Wednesday, 22 October 2008

In Azerbaijan (Iran)

In Tabriz, Dawoud told me that he had got some back problems recently which he was trying to cure in regular trips to Daryacheh Orumiyeh, a huge (6000 square kilometers) super-salty lake in the northwestern corner of Iran. It is a UNESCO Biosphere Reserve, about 50 km west of the capital of the Azerbaijan province, Tabriz. There is a special worm living in the water, called Artimasalema. Its remains become over time, a sort of tar which is said to heal rheumatism and other ailing of the joints. When doing the trip twice a week or so, Dawoud always had a bucket and brought some of the tar to his home in Tabriz. Dawoud suggested that I join him and Alireza for an afternoon trip to the site when the bazaar was closed. He drove his old BMW and we had a great time. Unfortunately, the lens of my camera was a bit dirty, what I noticed only when at home. So, some of the pictures have a very old-fashioned ‘paper print touch’.

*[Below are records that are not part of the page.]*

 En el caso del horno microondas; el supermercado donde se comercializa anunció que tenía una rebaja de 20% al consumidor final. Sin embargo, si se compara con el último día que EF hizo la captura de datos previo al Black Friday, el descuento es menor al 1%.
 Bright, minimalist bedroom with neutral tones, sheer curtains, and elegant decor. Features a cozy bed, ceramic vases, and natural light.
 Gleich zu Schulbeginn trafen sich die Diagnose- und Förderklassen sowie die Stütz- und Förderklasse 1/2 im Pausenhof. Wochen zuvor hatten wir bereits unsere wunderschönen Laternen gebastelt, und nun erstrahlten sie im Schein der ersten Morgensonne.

We approached the lake by passing a huge white and glitzy salt desert, a bit like a moon landscape. Dawoud knew a place with a sandy but hot beach and some cabins for changing cloths. Alireza and Dawoud wanted to swim in the super-salty waters (similar as the Dead Sea). I walked on the beach and took some photos. A family had a picnic and invited me. The Azeri people are, as always, incredibly hospitable. I talked a bit about my profession and my life in Kuwait. On our way back we visited a small village where Dawoud met some carpet weavers doing their job. It is amazing to see the men(!) weaving the famous Tabriz carpets here. Back in the bazaar in Tabriz, Dawoud also introduced me to one of his colleagues who was specialized in repairing old carpets and rugs. It was almost incredible how thoughtfully he restored the real antique pieces.

On another occasion, a public holiday, we visited Kandovan the Cappadocia of Iran. It is located 50 km south of Tabriz and was the destination of dozens of tourists from Iran who wanted to have a good time with some kebab, chay, Turkish coffee, or Seven-up. The soft, chimney-like tuff rocks allow people for centuries to hollow out their rooms and built their small houses.

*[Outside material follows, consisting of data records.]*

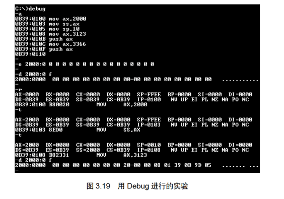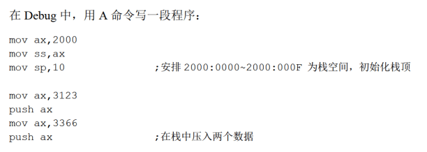 这两条指令执行后靠近栈顶的10个字节中值立即有了变化,是对定义栈段时部分运行环境变量进行暂存,靠近栈顶的10个字节中的暂存数据分别是SS、IP、 CS 等的值。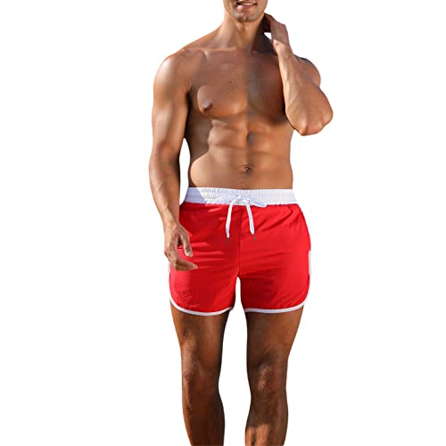 NINALUNA Pantaloncini da nuoto da uomo Beach Swim Patchwork Summer Costumi da bagno con coulisse Costume da bagno Yoga, Rosso, XXL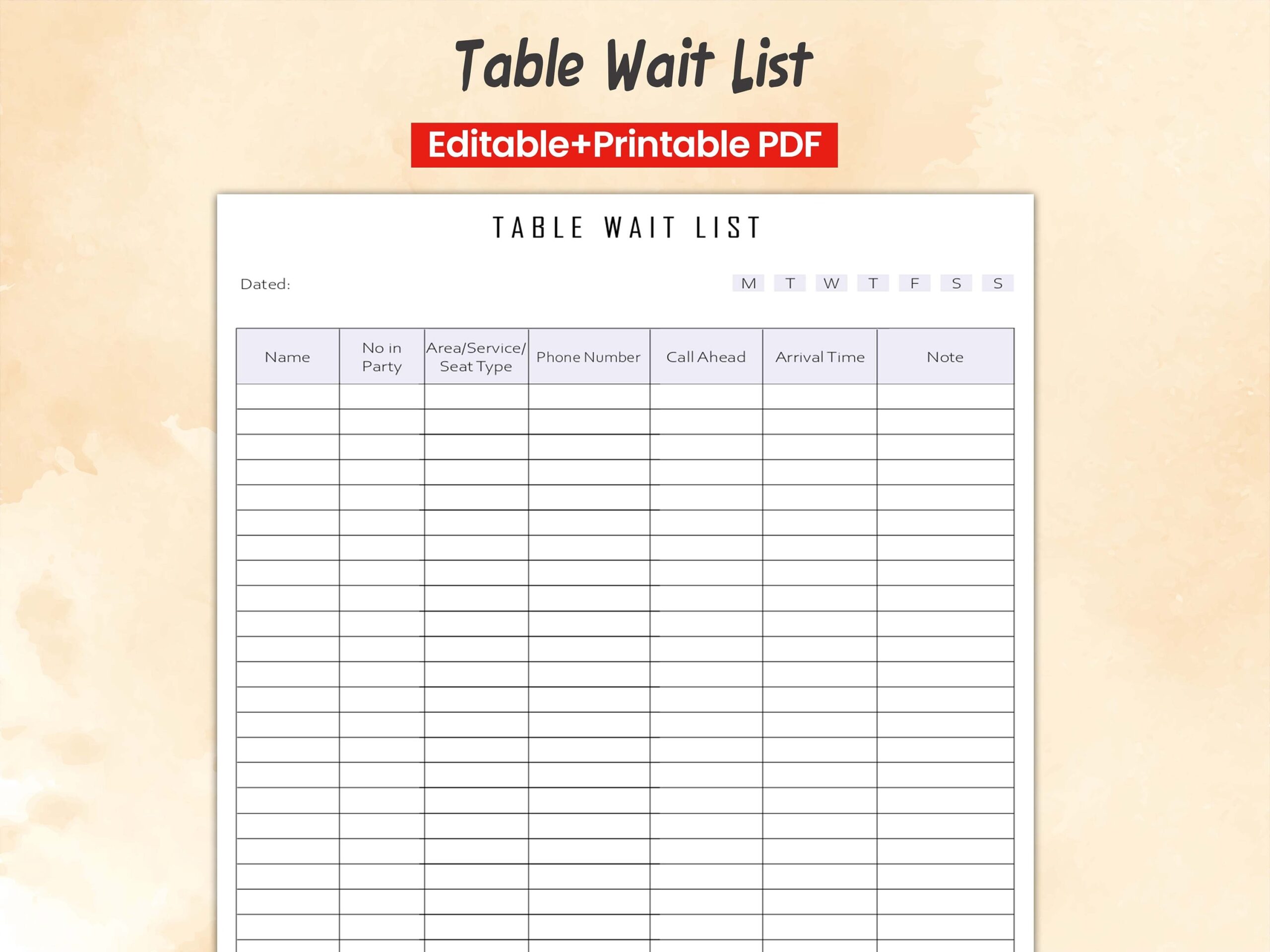 Editable Wait List Printable

Two girls in their colorful dresses were cleaning a carpet with a lot of water and a brush. Dawoud told me why not take a picture. I was rather hesitant but finally did it. The girls were terrified and tried to escape. When the brothers showed, we had to disappear quickly in the crowd. Rather self-evident: better not take pictures of people without asking them beforehand!

On our way back, the BMW got a flat tire and Dawoud decided to get the tire-tube changed rather than changing the whole tire which hardly had any visible profile left. Too expensive. But we had to hurry, anyway. Dawoud had an invitation for a dinner when he wanted to introduce me to his friend, a famous dentist in Tabriz. The food was delicious, Dr. Qudsi had a beautiful wife, and we had a nice evening. Next morning, Dawoud picked me up from the Azerbaijan Hotel in Tabriz and drove me to the airport, from where I departed to Mashhad, Iran’s holy city in the other corner of the country.

Monday, 20 October 2008


Our ultimate internet carpet expert, Barry O’Connell, has informed us lately that the great bazaar of Tabriz is eventually being registered as a global heritage site. I visited Tabriz a couple of weeks after the presidential elections in the hot summer of 2005. The bazaar is very similar to others in the region, although definitely larger. Its entrance is at the Masjed-e Jomeh, a mosque dating back to the Seljuqs but has been restored in later centuries.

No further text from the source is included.